2 . The index calculating apparatus according to claim 1 , wherein

the at least one processor further carries out:

a judging process of judging whether the index is equal to or greater than a threshold value; and

a notifying process of notifying the classification result and an indication of a possibility of error in the classification result, in a case where in the judging process, the index has been judged to be equal to or greater than the threshold value.

3 . The index calculating apparatus according to claim 2 , wherein

the at least one processor further notifies, in the notifying process, information regarding the index that has been judged to be equal to or greater than the threshold value, to assist a user in decision making, in a case where in the judging process, the index has been judged to be equal to or greater than the threshold value.

4 . An index calculation method comprising:

at least one processor comparing

a characteristic of a training image used in machine learning of a machine learning model which receives, as an input, an image to be subjected to inference, to classify the image and

a characteristic of an input image to be inputted to the machine learning model at a time of inference; and

the at least one processor calculating, in accordance with a difference between the characteristic of the training image and the characteristic of the input image which have been compared with each other in the comparing, an index which indicates a possibility of error in a classification result obtained in a case where the input image is inputted to the machine learning model,

wherein the characteristic of the training image and the characteristic of the input image comprises:

a level of noise contained in the input image and the training image; and

a latent vector obtained by inputting the training image and the input image to an autoencoder having been trained with use of the training image,

wherein the image to be subjected to inference is a pathological image in which a cell specimen is contained as a subject, and

the machine learning model is trained so as to output a result of classification regarding whether the cell specimen is a cancer cell.

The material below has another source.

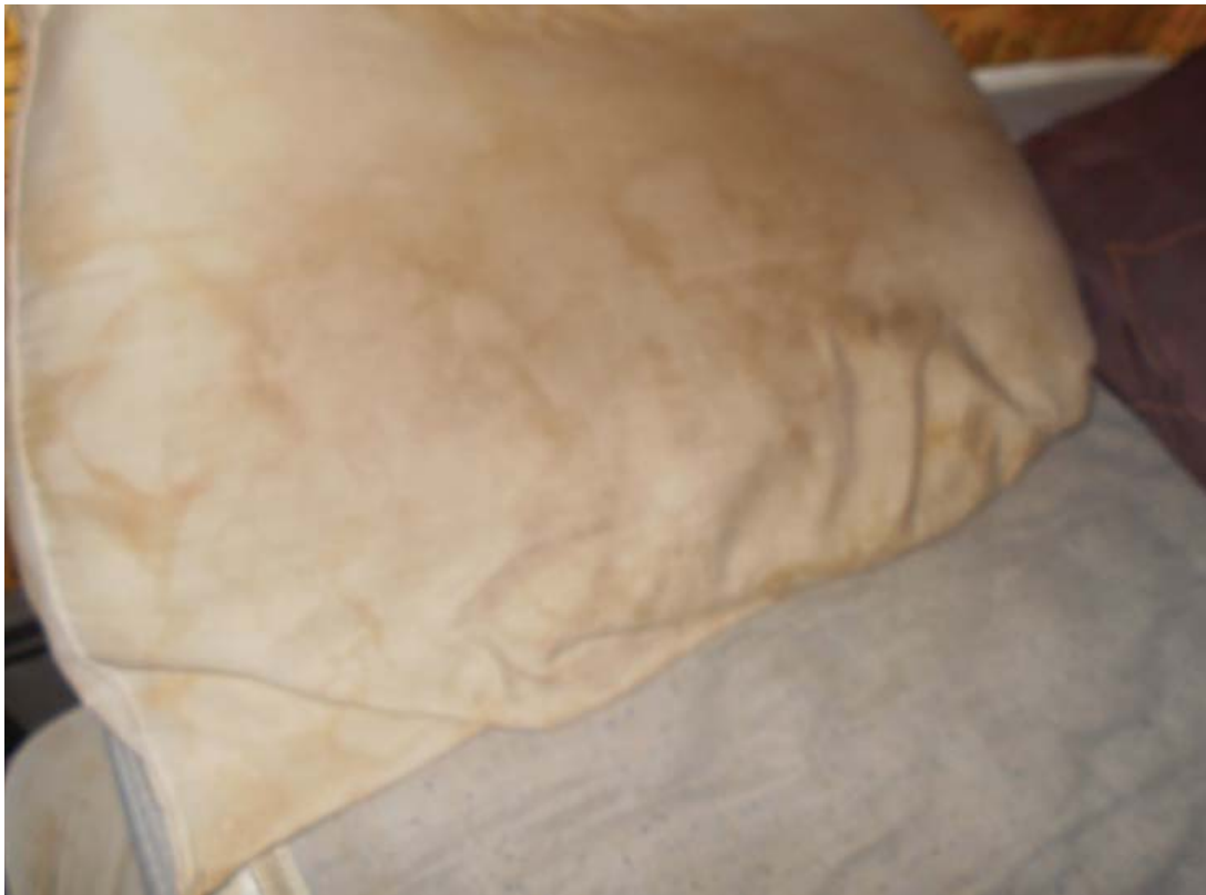
Photo 16 - Stained pillow

5 . A computer-readable, non-transitory recording medium having recorded thereon a program for causing a computer to function as an index calculating apparatus,

the program causing the computer to carry out:

a comparing process of comparing

a characteristic of a training image used in machine learning of a machine learning model which receives, as an input, an image to be subjected to inference, to classify the image and

a characteristic of an input image to be inputted to the machine learning model at a time of inference; and

a calculating process of calculating, in accordance with a difference between the characteristic of the training image and the characteristic of the input image which have been compared with each other in the comparing process, an index which indicates a possibility of error in a classification result obtained in a case where the input image is inputted to the machine learning model,

wherein the characteristic of the training image and the characteristic of the input image comprises:

a level of noise contained in the input image and the training image; and

a latent vector obtained by inputting the training image and the input image to an autoencoder having been trained with use of the training image,

wherein the image to be subjected to inference is a pathological image in which a cell specimen is contained as a subject, and

the machine learning model is trained so as to output a result of classification regarding whether the cell specimen is a cancer cell.